John Bosco was born on 16th August 1815 in the little hamlet of Becchi some 20 km, from Turin, Italy. His father, Francis Bosco, was a hard working peasant who died when John was only two years old. The grief-stricken words of his mother, telling him that he was now fatherless remained deeply impressed in the child’s mind, and perhaps helped to instil into his mind the intense pity for the orphans and the homeless which became the dominant
note of his life.
The story of the exertions and sacrifices made by him and his mother cannot be told here in detail. Working as a servant, teaching, assisting a tailor, doing chores for a blacksmith and keeping score at a billiard table were some of the things he did in order to pay for his food, lodging and tuition while at school. But the worst was over when in October 1835, with an outfit provided by charitable neighbours, John Bosco entered the Ecclesiastical Seminary at Chieri.
On 5th June 1841, John Bosco was ordained a priest. Disregarding attractive offers of sacerdotal work, Don Bosco as he was from now on called, went on to pursue a postgraduate course in theology, together with some practical training in priestly duties.
Very soon Don Bosco became a frequent visitor to the poor quarters of the city. Owing to its rapid expansion labourers were crowding into Turin in great numbers. The young priest was distressed by the swarms of neglected children whom he encountered. In the miserable garrets and cellars which he visited, he found exemplified all the evils of overcrowding, all the terrible effects of herding the young and innocent with those already corrupt. In the prisons he met youth serving terms for every type of crime, while during the evening walks he constantly met bands of young people fighting. He decided that the work of his life would be to redeem these miserable youths.

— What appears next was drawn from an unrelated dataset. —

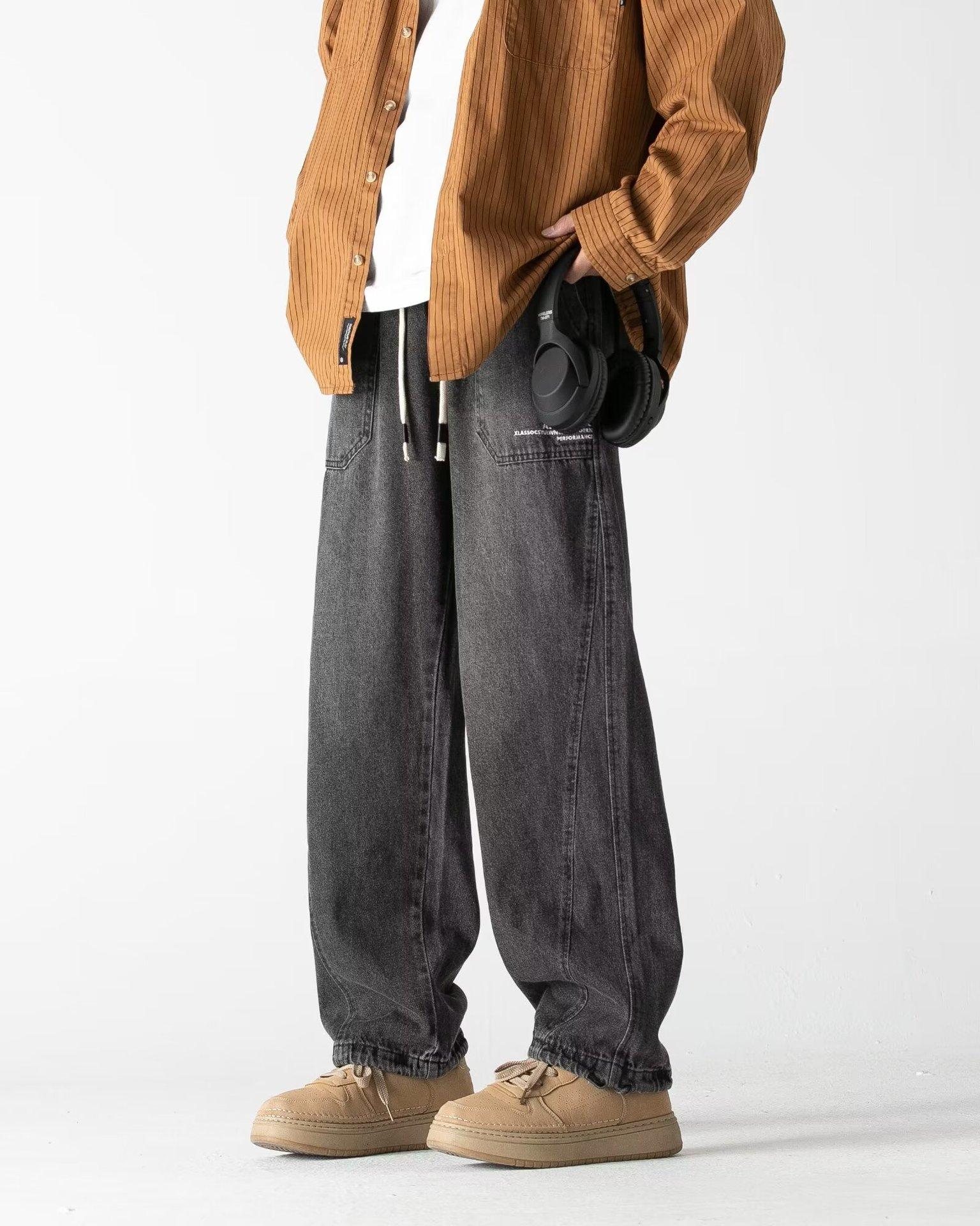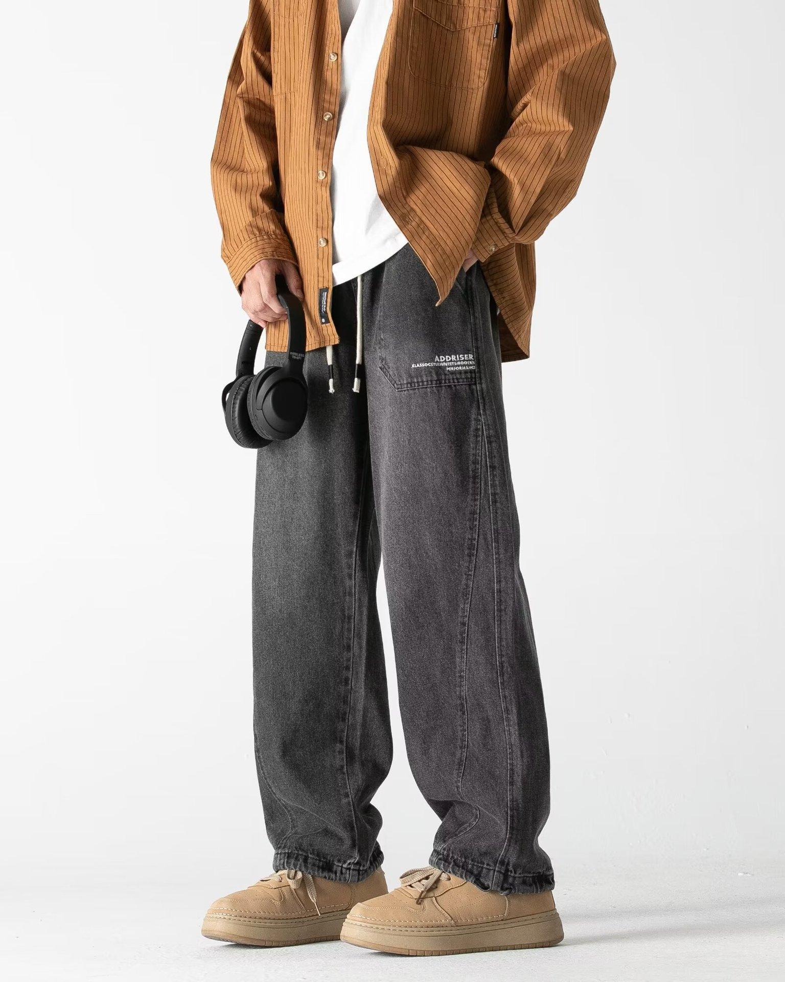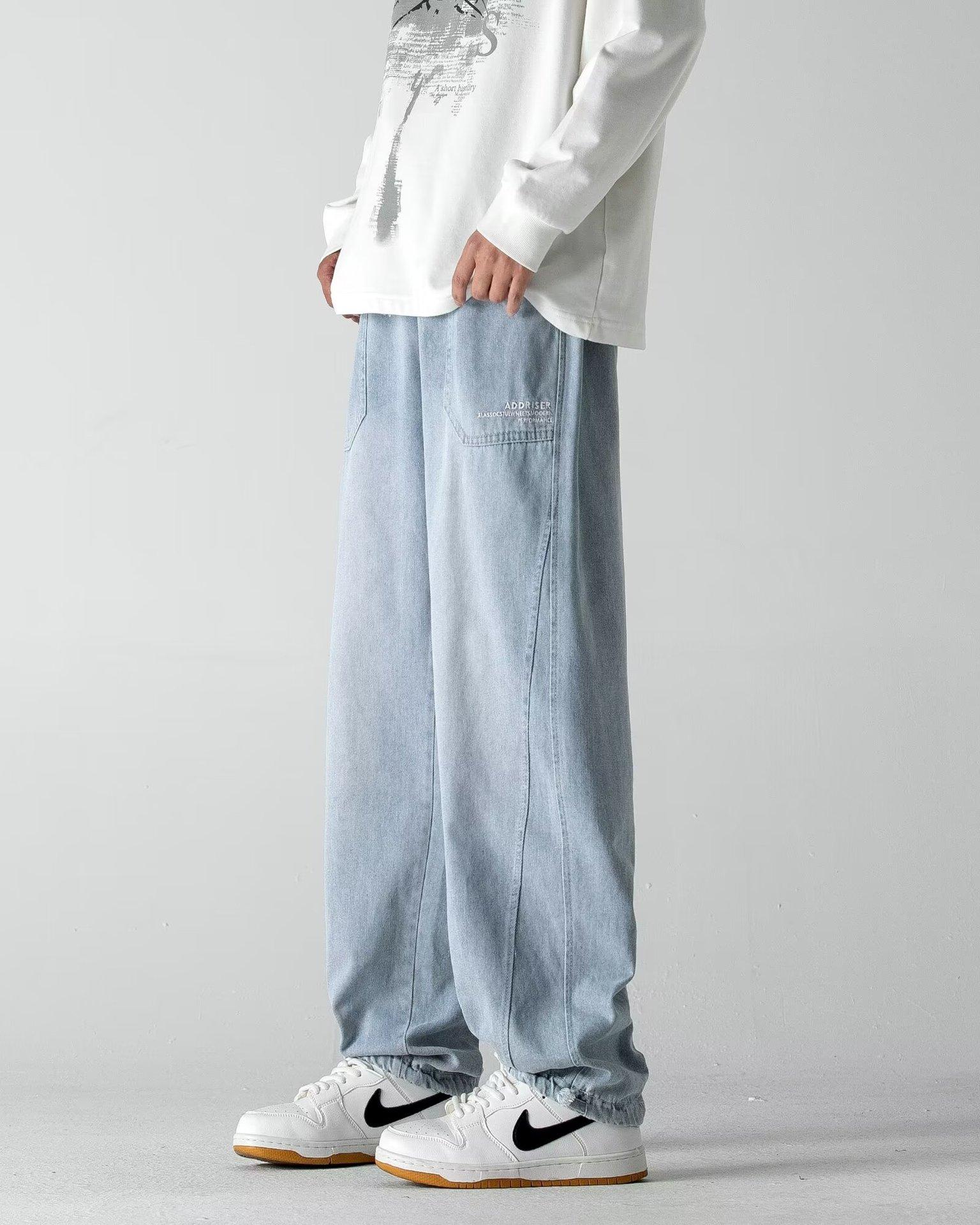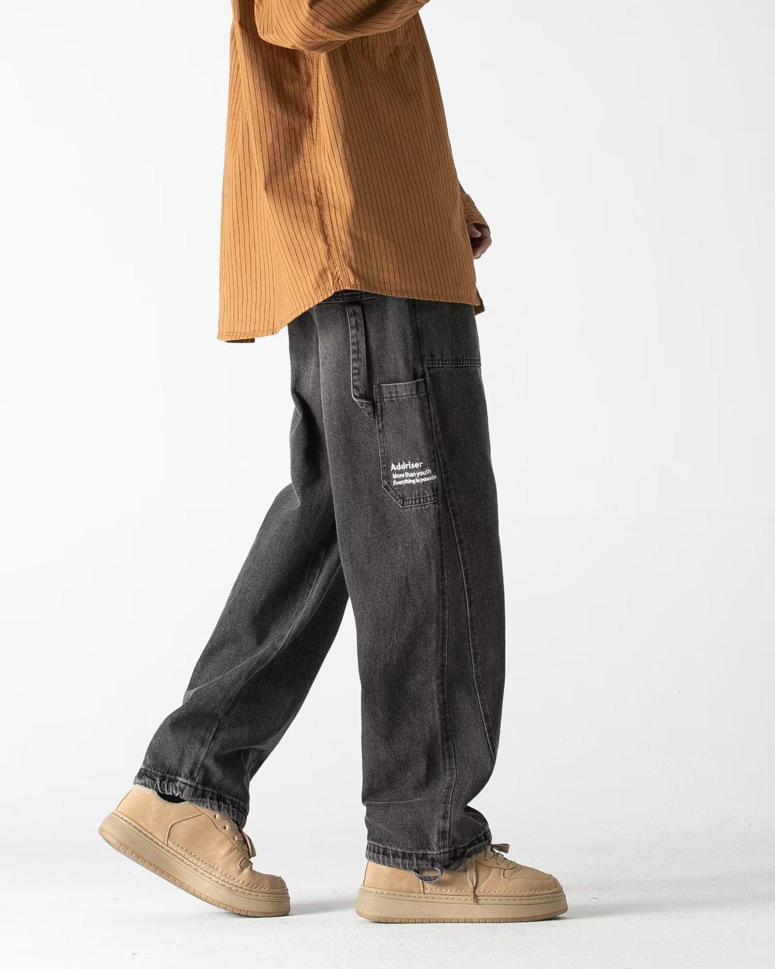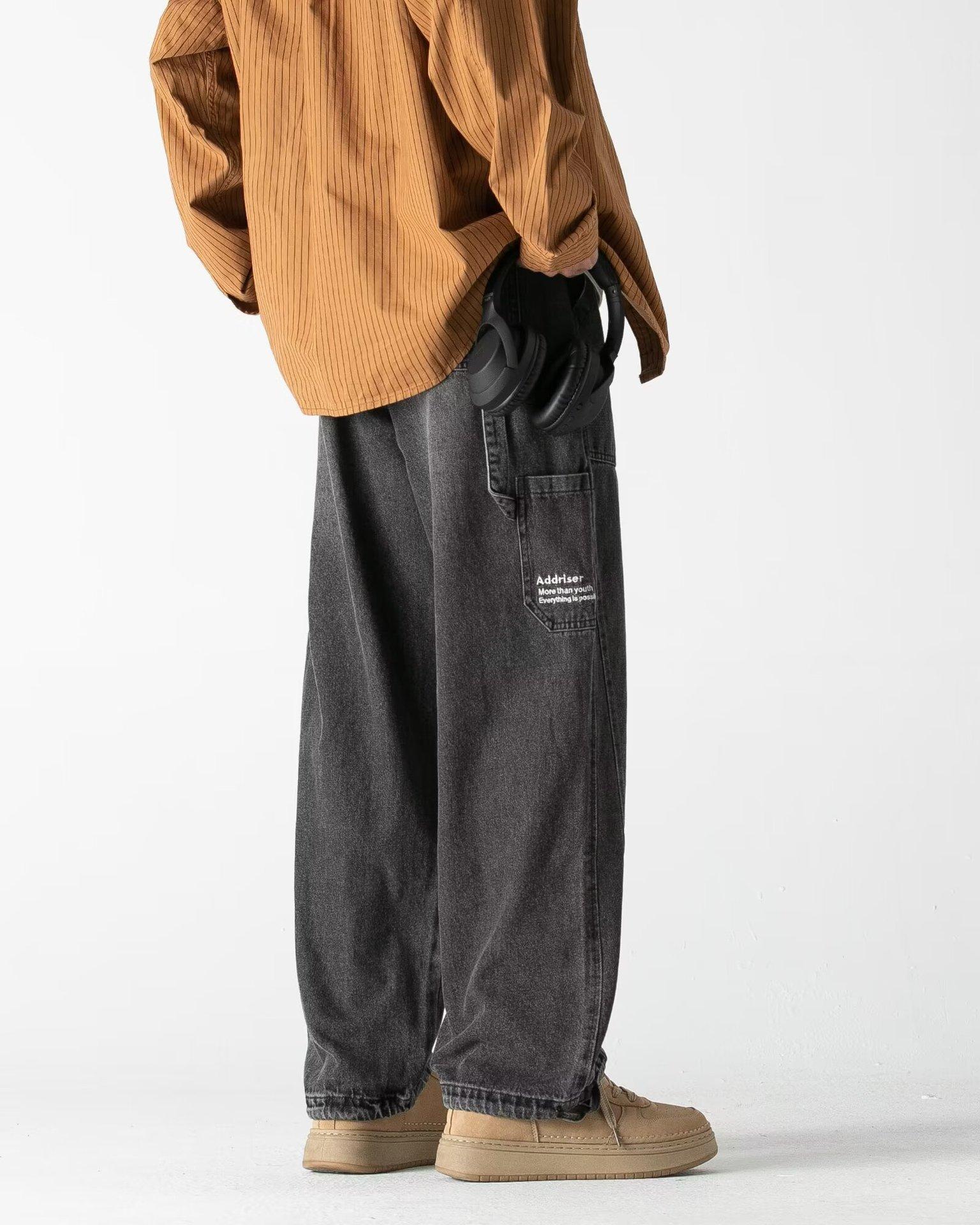 Overol de mezclilla para hombre Americano de alta calle volantes pantalones guapos marca de moda vintage lavado costuras pantalones tobilleros sueltos rectos

Don Bosco’s work for boys started with one boy, a mason’s apprentice. Soon this boy brought others and the number of “Don Bosco’s Friends” soon multiplied. Don Bosco gave them facilities of games and taught them their religion.
In the meantime Don Bosco had finished his post graduate course of sacerdotal studies and was full-time employed in the work of the oratory (Youth Club). Soon he started offering shelter to destitute children who had no where to go. Thus in
1846 in his Sunday Oratory there were over 600 boys while some
20 youngsters lodged with him. Don Bosco’s Mother “Mamma Margaret”, as the boys would affectionately call her, offered to come to Turin and help him.
With rooms, no matter how small, at his disposal, the young priest’s ideal began to expand. He organized daily evening classes for arithmetic, drawing, geography and grammar. It was also at this time that this thorough-going teacher, finding it difficult to procure text books really suited to his boys commenced writing his own. The first was a History of the Church, the second The Metric Decimal System Simplified. They were followed by a History of Italy, a prayer-book for young people, and others many of which went through many editions and attained enormous circulations.
As the number of boys in the oratory increased, Don Bosco started buying up more and more land around the tiny original building all with donations from his numerous benefactors in Italy and abroad.
During 1847 a new oratory was founded by Don Bosco in another part of Turin. Two Years later it became necessary to open a third oratory to look after the swarm of boys who flocked to the two oratories.
Although enlarged and reconstructed more than once the first building became quite inadequate. In 1856 it was demolished and an entirely new structure took its place. In 1853 two small workshops had been opened; one a shoemaker’s, the other a tailor’s for teaching the unemployed youngsters of the oratory a trade in order to provide them with the means of earning an honest livelihood. A workshop for teaching carpentry was soon followed by others for bookbinding and cabinet making. Lastly, a modest printing press was founded which has since developed into the great publishing house known all over the world by the name “Societa Editrice Internazionale.”
All this while, from his “old boys” Don Bosco had been building up a society of men who would help him to develop his work and would carry it on when he died. In December 1859 these young men were formed into a simple society for this purpose. In may 1862, 22 of them took their vows of poverty, chastity and obedience thus forming a true religious congregation. In 1869 this community was officially recognised by the Catholic Church and took the name of “Salesians” after St. Francis of Sales.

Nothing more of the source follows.